• [DIRECTIONS]: Every line below that includes the word "from" needs to be copied.

• [SUPPLIED ENTRIES]:
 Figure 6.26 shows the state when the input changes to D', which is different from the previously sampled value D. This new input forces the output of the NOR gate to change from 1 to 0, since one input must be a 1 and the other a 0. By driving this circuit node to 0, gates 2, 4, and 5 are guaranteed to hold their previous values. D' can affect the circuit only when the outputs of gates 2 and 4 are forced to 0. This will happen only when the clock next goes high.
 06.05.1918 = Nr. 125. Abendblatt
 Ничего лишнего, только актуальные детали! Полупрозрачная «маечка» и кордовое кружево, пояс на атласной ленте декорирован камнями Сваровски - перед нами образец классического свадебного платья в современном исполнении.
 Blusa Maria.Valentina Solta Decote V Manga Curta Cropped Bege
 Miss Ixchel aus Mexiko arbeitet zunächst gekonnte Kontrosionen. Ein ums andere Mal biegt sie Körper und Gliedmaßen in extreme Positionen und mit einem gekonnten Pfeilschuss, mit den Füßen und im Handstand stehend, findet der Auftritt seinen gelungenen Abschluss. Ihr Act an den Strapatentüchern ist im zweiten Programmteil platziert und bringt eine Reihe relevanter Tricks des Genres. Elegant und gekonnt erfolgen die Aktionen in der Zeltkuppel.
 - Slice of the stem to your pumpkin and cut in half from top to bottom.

* * *

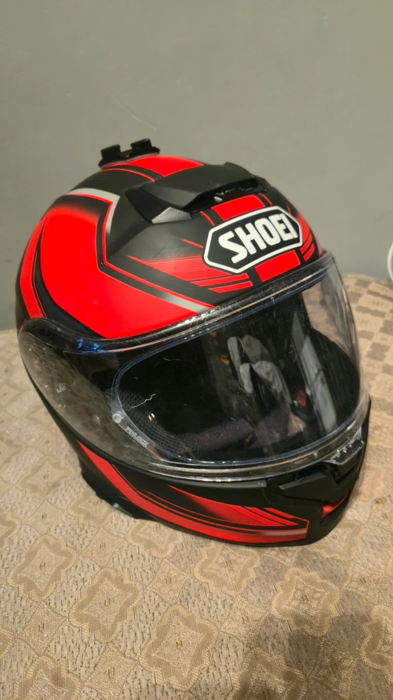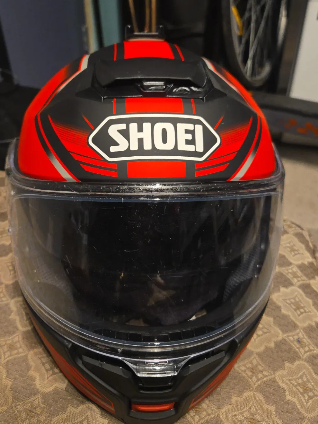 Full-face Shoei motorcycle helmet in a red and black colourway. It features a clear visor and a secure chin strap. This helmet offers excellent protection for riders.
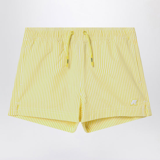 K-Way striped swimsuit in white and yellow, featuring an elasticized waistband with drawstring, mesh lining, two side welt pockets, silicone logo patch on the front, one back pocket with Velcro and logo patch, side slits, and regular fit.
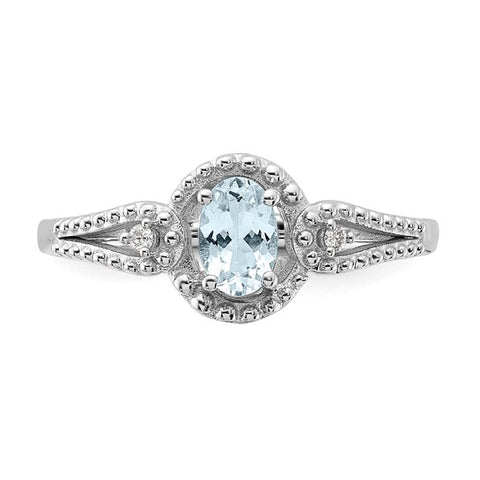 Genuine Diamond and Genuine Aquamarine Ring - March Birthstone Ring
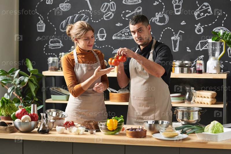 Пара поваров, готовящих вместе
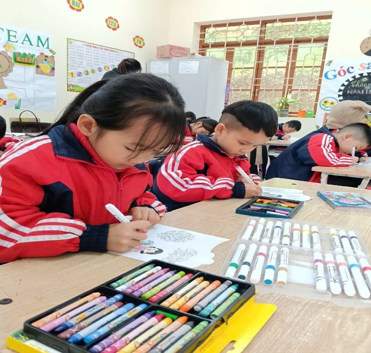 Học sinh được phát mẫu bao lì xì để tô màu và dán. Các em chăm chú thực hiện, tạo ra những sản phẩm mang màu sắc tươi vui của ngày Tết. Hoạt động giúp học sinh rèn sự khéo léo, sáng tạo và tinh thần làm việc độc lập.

• [FINAL ANSWER]:
 Figure 6.26 shows the state when the input changes to D', which is different from the previously sampled value D. This new input forces the output of the NOR gate to change from 1 to 0, since one input must be a 1 and the other a 0. By driving this circuit node to 0, gates 2, 4, and 5 are guaranteed to hold their previous values. D' can affect the circuit only when the outputs of gates 2 and 4 are forced to 0. This will happen only when the clock next goes high.
 - Slice of the stem to your pumpkin and cut in half from top to bottom.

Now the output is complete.